### RECORDS SUPPLIED ###

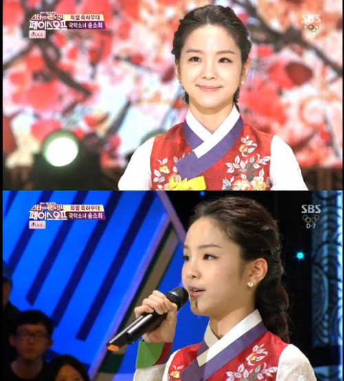 송소희는 이날 MC 전현무, 박은지가 진행한 ‘페이스오프’에서 정중한 인사로 무대를 시작했다. 민족 최대 명절인 설날 그의 미모는 더욱 빛났고 예쁜 외모만큼이나 출중한 실력으로 시선을 끌었다.
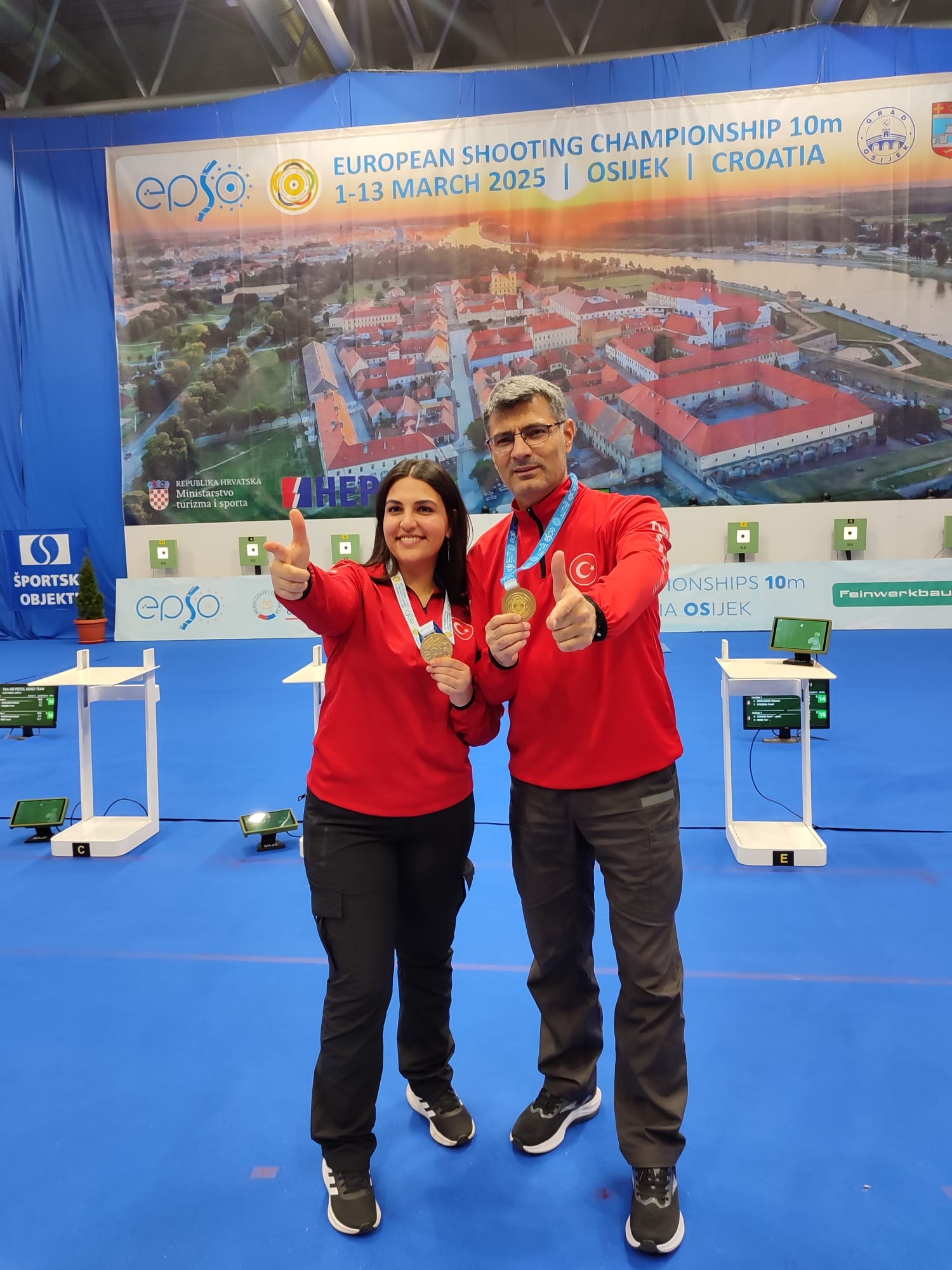 Yusuf Dikeç-Şevval İlayda Tarhan ikilisi, Hırvatistan'ın Osijek kentindeki organizasyonda 10 metre havalı tabanca karışık takım kategorisi finalinde Çek Viktorie Sindlerova-Pavel Schejbal çiftini 16-14 yenerek altın madalya aldı.
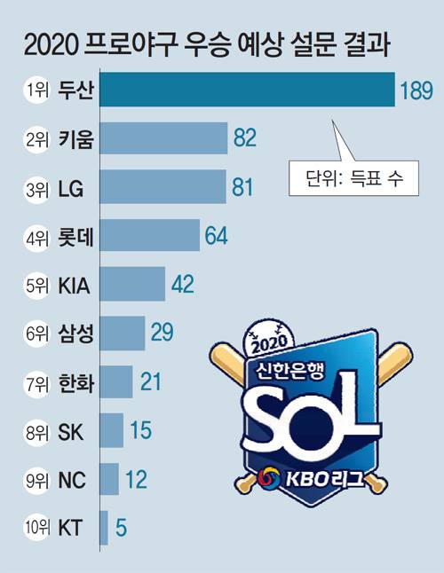 동아일보는 국내 최대 야구 팬 커뮤니티 ‘엠엘비파크’ 등을 통해 4월 28일부터 사흘간 올해 예상 우승 팀을 설문 조사했다. 전체 참가자 540명 가운데 3분의 1이 넘는 35%(189명)가 두산을 꼽았다. 두산은 최근 5년 연속 한국시리즈에 진출해 그중 세 차례(2015, 2016, 2019년) 정상을 차지하면서 2010년대 최강팀으로 평가받고 있다.
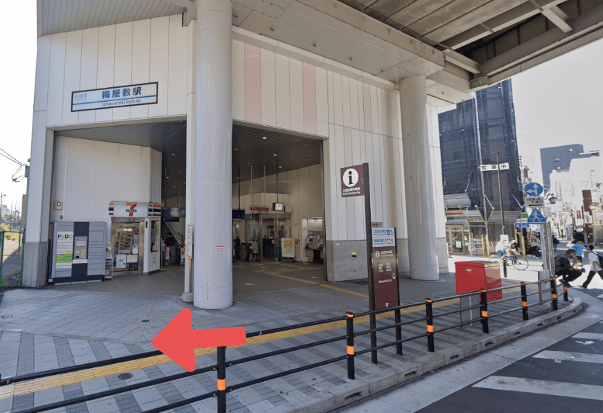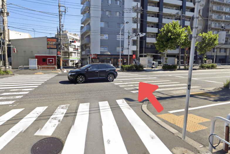 2目の前の横断歩道を渡り、すき家梅屋敷駅東店の方向へ進みます。
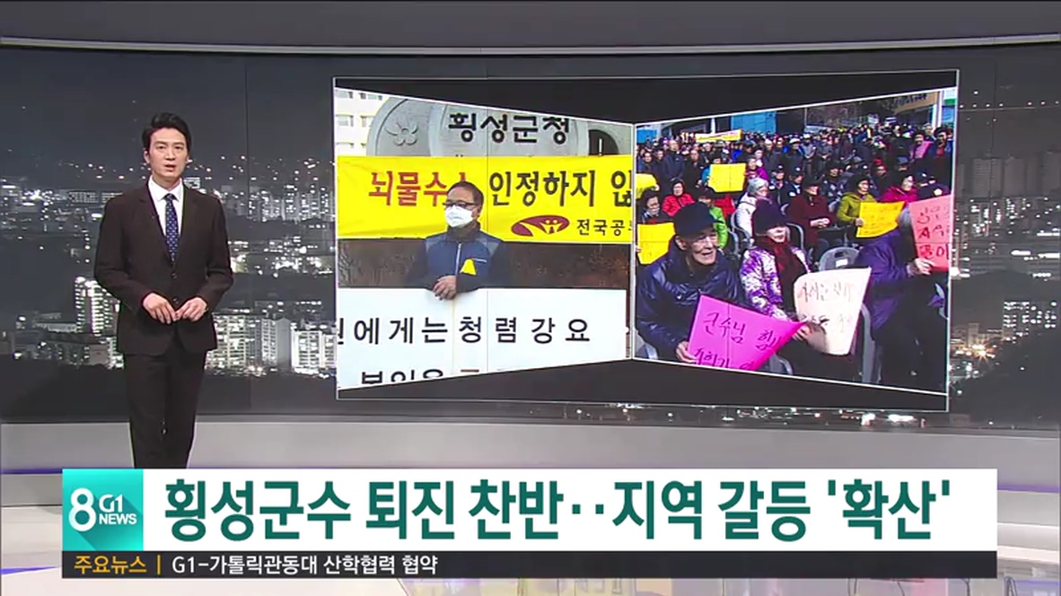 횡성군수의 퇴진 여부를 놓고 찬반 여론이 팽팽하게 맞서면서, 지역 갈등으로까지 비화되고 있습니다.
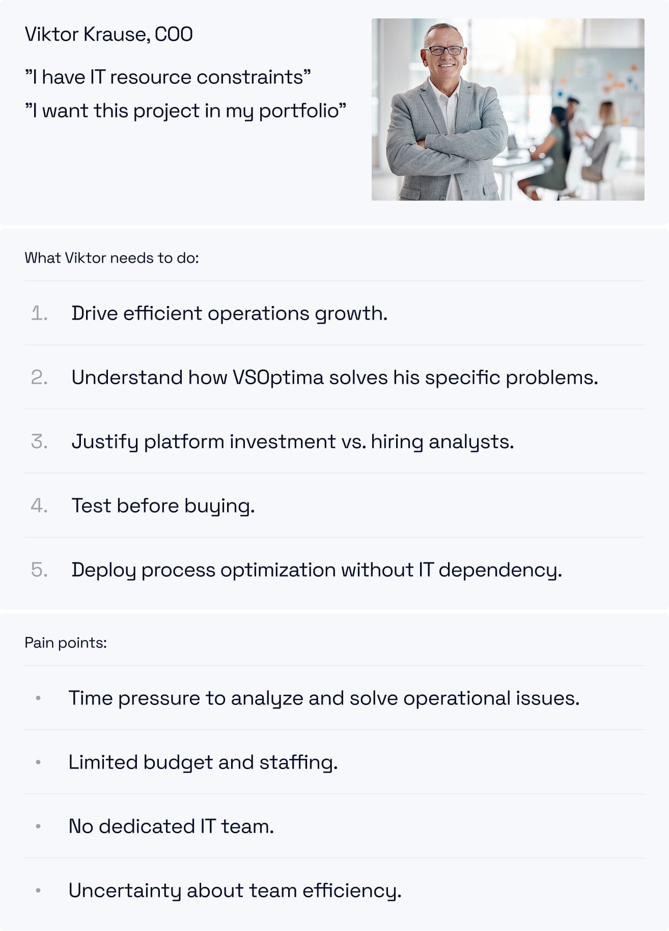 We created and continuously update personas based on extensive interviews. While client organizations vary in size and industry, we focus on 3 core roles.
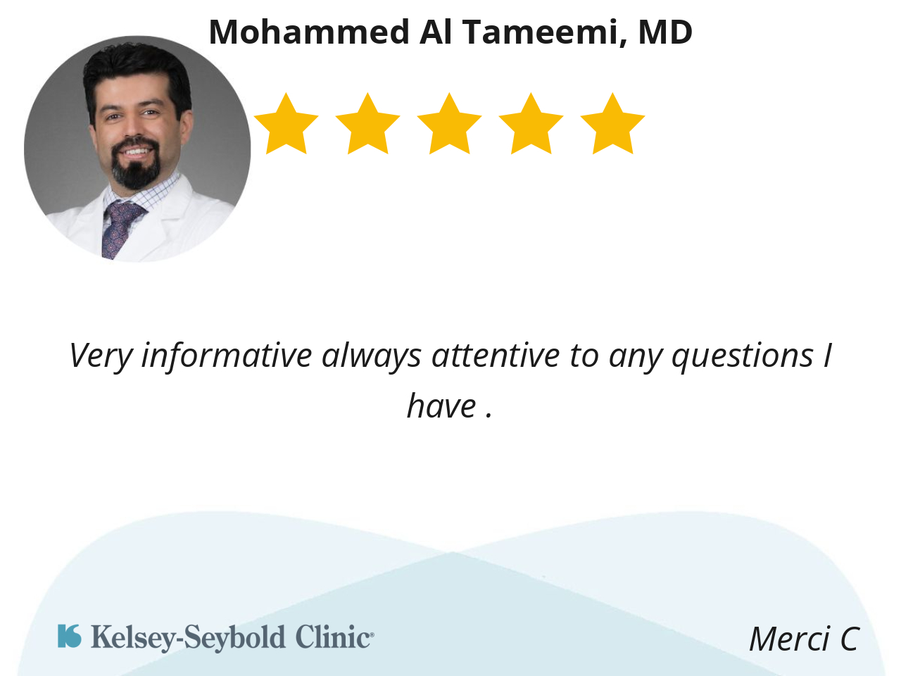 Dr. Mohammed Al Tammeemi takes the time to explain fully and makes sure I understand all of my meds and diabetes. I leave his office fully understanding. I'm very happy to have him as my Endocrinologist.

###

• TASK GOAL
All entries should be given again exactly, except that pictures are to be excluded.

• ANSWER BELOW
 송소희는 이날 MC 전현무, 박은지가 진행한 ‘페이스오프’에서 정중한 인사로 무대를 시작했다. 민족 최대 명절인 설날 그의 미모는 더욱 빛났고 예쁜 외모만큼이나 출중한 실력으로 시선을 끌었다.
 Yusuf Dikeç-Şevval İlayda Tarhan ikilisi, Hırvatistan'ın Osijek kentindeki organizasyonda 10 metre havalı tabanca karışık takım kategorisi finalinde Çek Viktorie Sindlerova-Pavel Schejbal çiftini 16-14 yenerek altın madalya aldı.
 동아일보는 국내 최대 야구 팬 커뮤니티 ‘엠엘비파크’ 등을 통해 4월 28일부터 사흘간 올해 예상 우승 팀을 설문 조사했다. 전체 참가자 540명 가운데 3분의 1이 넘는 35%(189명)가 두산을 꼽았다. 두산은 최근 5년 연속 한국시리즈에 진출해 그중 세 차례(2015, 2016, 2019년) 정상을 차지하면서 2010년대 최강팀으로 평가받고 있다.
 2目の前の横断歩道を渡り、すき家梅屋敷駅東店の方向へ進みます。
 횡성군수의 퇴진 여부를 놓고 찬반 여론이 팽팽하게 맞서면서, 지역 갈등으로까지 비화되고 있습니다.
 We created and continuously update personas based on extensive interviews. While client organizations vary in size and industry, we focus on 3 core roles.
 Dr. Mohammed Al Tammeemi takes the time to explain fully and makes sure I understand all of my meds and diabetes. I leave his office fully understanding. I'm very happy to have him as my Endocrinologist.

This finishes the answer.